Venezuela needs our attention, but so do dictatorships-in-waiting Nicaragua and Bolivia

While the world is watching Venezuela’s descent into a full blown dictatorship, scant attention has been paid to the slow-motion disappearance of democracy in two other countries: Nicaragua and Bolivia. If they continue on their present course, they may soon be called Latin America’s emerging dictatorships.

The erosion of basic freedoms in these two countries came to mind this week when I interviewed Sergio Ramirez, the Nicaraguan writer and former Sandinista vice president who, on Nov. 16, was awarded the Spanish Royal Academy’s coveted Cervantes literary prize — considered the Nobel literature award of the Spanish-speaking world.

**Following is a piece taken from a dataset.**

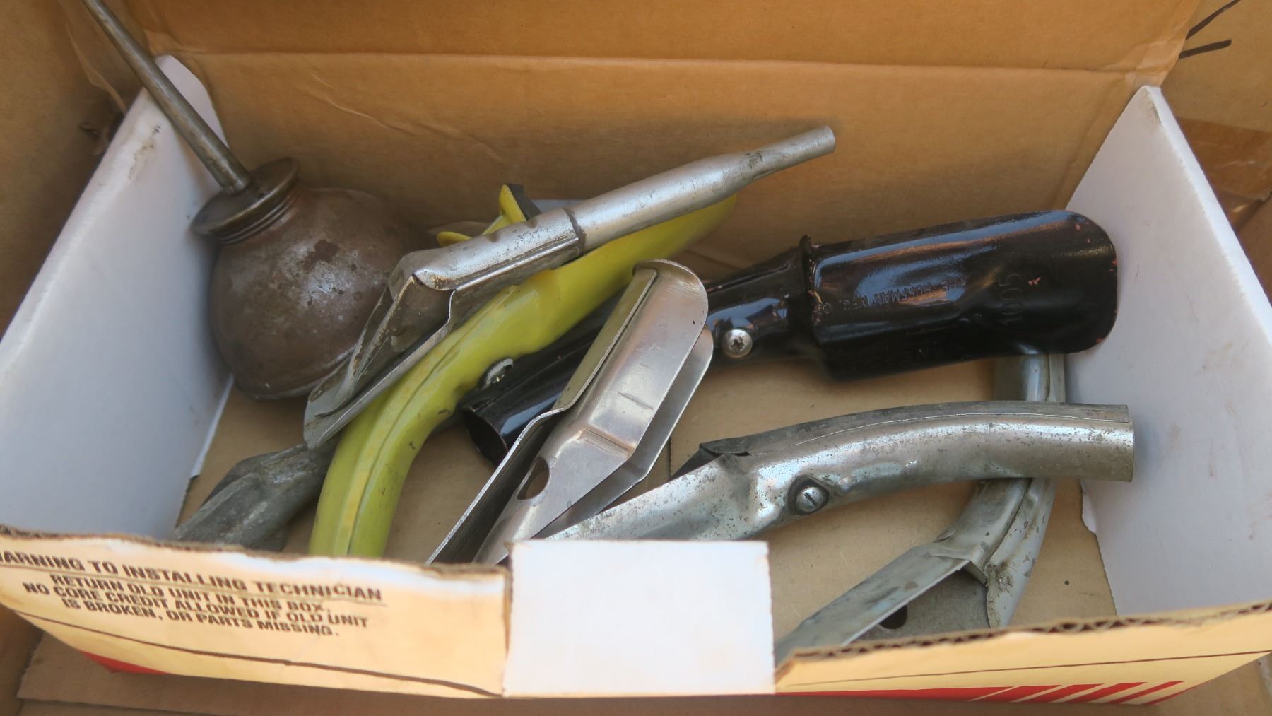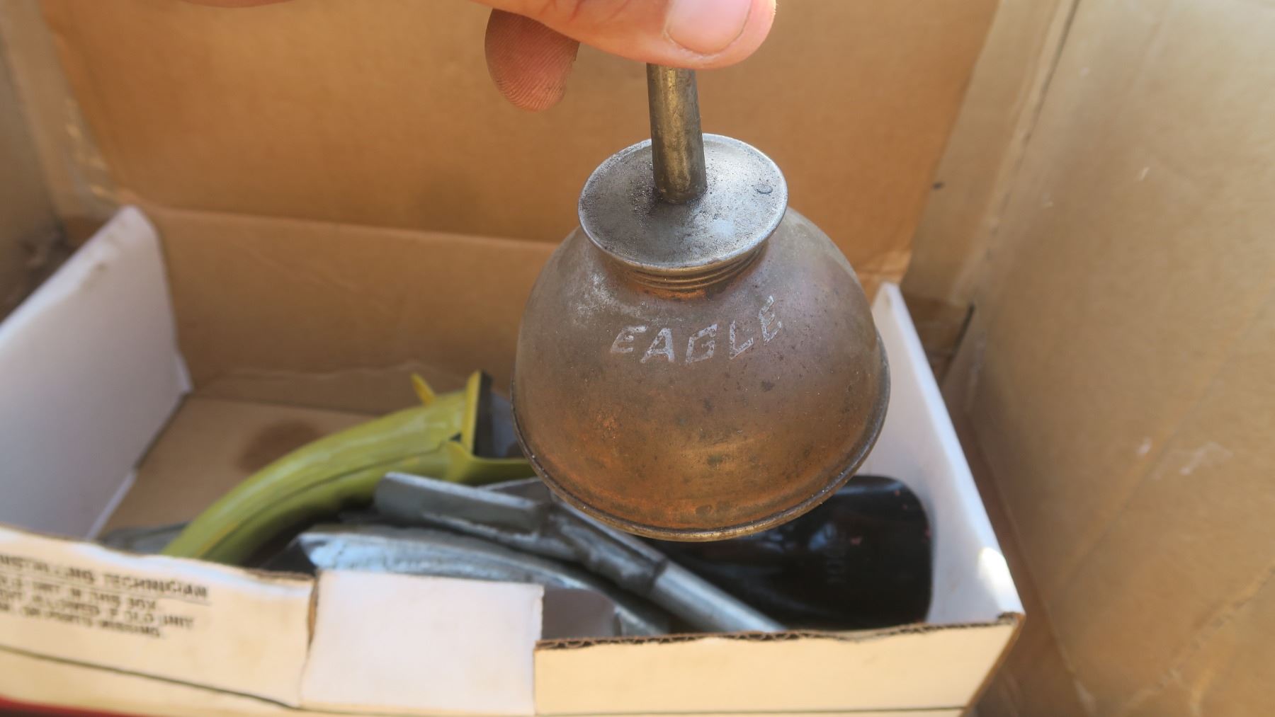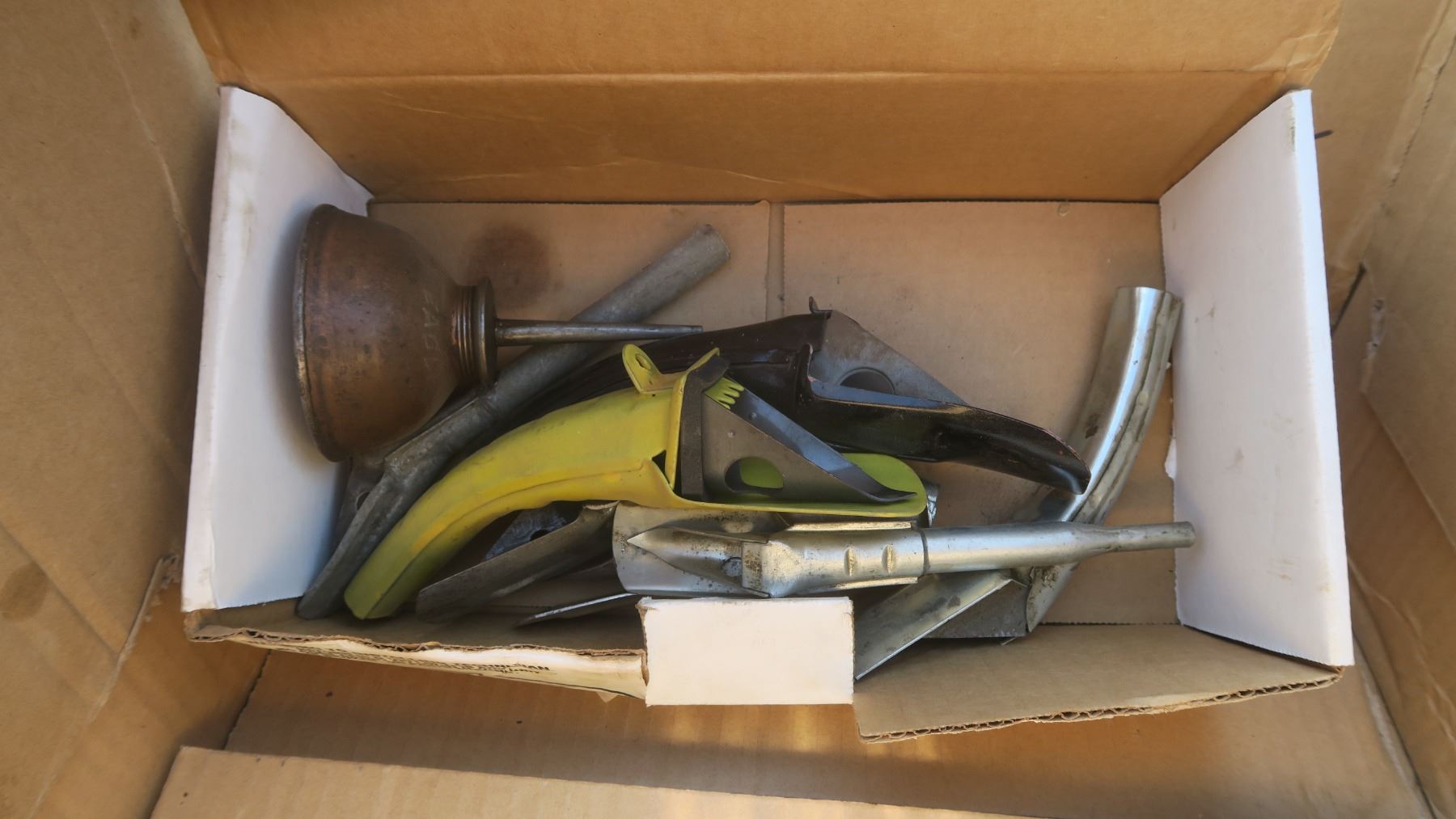 box of spouts and a small oiling can.

Ramirez, whom I have known since his days in the Sandinista government in the 1980s, became disillusioned with the increasingly totalitarian bent of his leftist comrades and broke ranks with Sandinista leader Daniel Ortega in the early 1990s. In 1996, Ramirez ran for president as leader of a democratic leftist party he founded, and — after losing that election — quit his political career to become a full-time writer and journalist.

After becoming the first Central American writer to win the Cervantes prize, Ramirez got congratulatory calls from across the world. In Nicaragua, many celebrated the news. But there was no congratulatory call from Nicaraguan President Daniel Ortega, or any acknowledgment from his government, Ramirez told me.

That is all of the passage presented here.